Ah, sorry. I did not notice right away that column F corresponds to the Interpolated value. For this you really need a recursive loop start or you can use the Java Snippet, if you know Java. There you can save the previous cell’s content in a global variable and access it in the next row. If you want I can help you with that.
Kind regards
Alexander

1 Like

Hi Alexander,
I realised from your comment that it wasn’t so clear. My apologies for that.
I am not a programmer, so any help you can offer on Java/Recursive Loops would be definitely appreciated!

Dear Benjamin,

In Knime you have to think a bit harder about what depends on what in your data, as compared to Excel. In this case, every row depends on the current row and the previous row. In one loop of the calculation the workflow needs to consider these two rows, do the calculation, update the current row. Then, in the next loop, the current row becomes the previous row and the next row becomes the current row. This looks a bit complex:

Note that before the actual calculation I merge two subsequent rows into one row with a Cross Joiner. This is because Knime cannot easily refer to values in other rows (unless you want to use an R or Python snippet). This is annoying sometimes, but it allows Knime to be very efficient in other cases.

This workflow results in:

image

Workflow:
KNIME_project7.knwf (24.8 KB)

2 Likes

Hi,
please see attached workflow. It’s a very simple Java Snippet, which you should be able to adjust to your needs.
Java_lag.knwf (9.5 KB)

Kind regards
Alexander

4 Likes

Interesting, I didn’t know one could use the Java Snippet system variables like that.

Thank you to both of you!
@Aswin, unfortunately I couldn’t trial your version immediately as my computer is lacking Column Expressions and I am lacking the admin rights. I have requested them so I can update my version and the node library - I will make sure to get back to you regarding that.
@AlexanderFillbrunn, this version works a treat! It’s relatively fast and is a strong basis for subsequent data transformations.

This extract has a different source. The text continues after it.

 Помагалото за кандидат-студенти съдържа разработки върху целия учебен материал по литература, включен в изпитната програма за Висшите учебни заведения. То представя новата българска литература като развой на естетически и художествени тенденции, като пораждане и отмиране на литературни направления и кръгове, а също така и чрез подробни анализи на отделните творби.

I will try to incorporate it in my larger workflow.

1 Like

FYI if speed is important, Alexander’s version will definitely be faster!

2 Likes

Here is an alternative version that uses a simpler Recursive Loop construct. Still slower than @AlexanderFillbrunn’s method, but I think it shows off some typical Knime concepts quite nicely.

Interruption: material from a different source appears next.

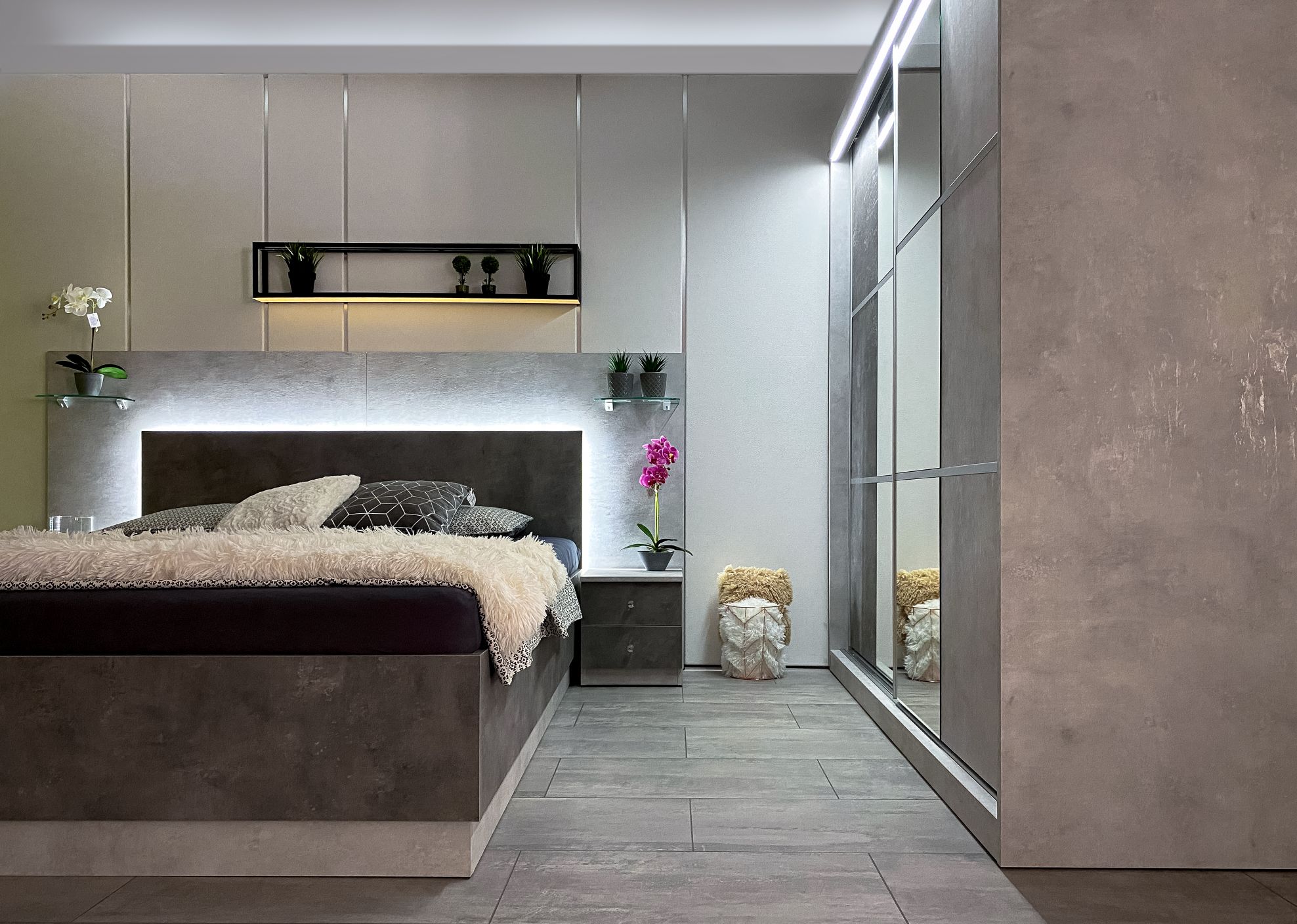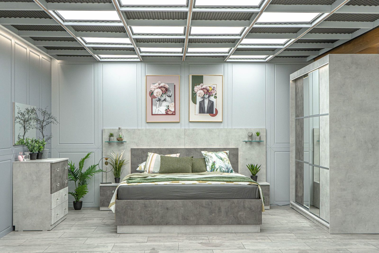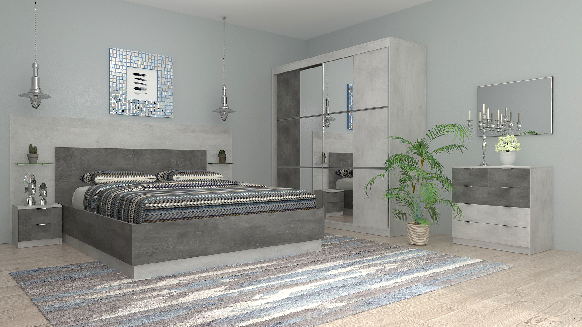 Гардероб: плъзгаща система вътрешно водене, вградено LED осветление по канта, вертикално разположени вградени алуминиеви „П“- образни кант дръжки с допълнително излят външен улей за лесно и удобно захващане, спомагащи ефективното плъзгане на системата – гарантиращи устойчивост и здравина на вратите, използвани са сглобки – скрит монтаж, метални рафтоносачи за стабилност на рафтовете, лост за дрехи – метален – форма – елипса – покритие – никел, цялата конструкция на гардероба е монтирана върху метални реглажни „пети“  – осигуряващи изрядна нивелация на изделието и правилната му експлоатация, вратите са изработени от пана декор тъмен и светъл бетон + вградени огледала  – 1 бр. в к-т;

  • Most loop constructs in Knime do not allow you to use the results of previous iterations (loops) in the next iteration (for example Chunk Loop, Column List Loop), but the Recursive Loop does allow you to do this. In this case, I divide the table in three parts: (1) the previous row, (2) the current row, and (3) the rest of the table. The previous row and the current row are used for the calculation (this is obvious from the Excel example in @Benjamin_B’s post). I insert the result of the calculation in the current row. I save the current row with the result, “forget” the previous row, and use the combination of the current row and the rest of table for the next iteration of the loop. In this next iteration the current row becomes the previous row, and the next row becomes the current row. Each iteration “eats” away the top row of the table, and the process continues until there are no more rows.
  • Calculations are easiest to perform on values on a single row; if you want to do calculations that uses values from multiple rows you are limited to the functions offered by the GroupBy node, or you have to reshape the table in such a way that multiple rows are condensed in a single row. Here I combine two rows into one with a Cross Joiner, but for more complex reshaping operations you can use the Pivoting node.

KNIME_project7.knwf (28.5 KB)

3 Likes

This topic was automatically closed 7 days after the last reply. New replies are no longer allowed.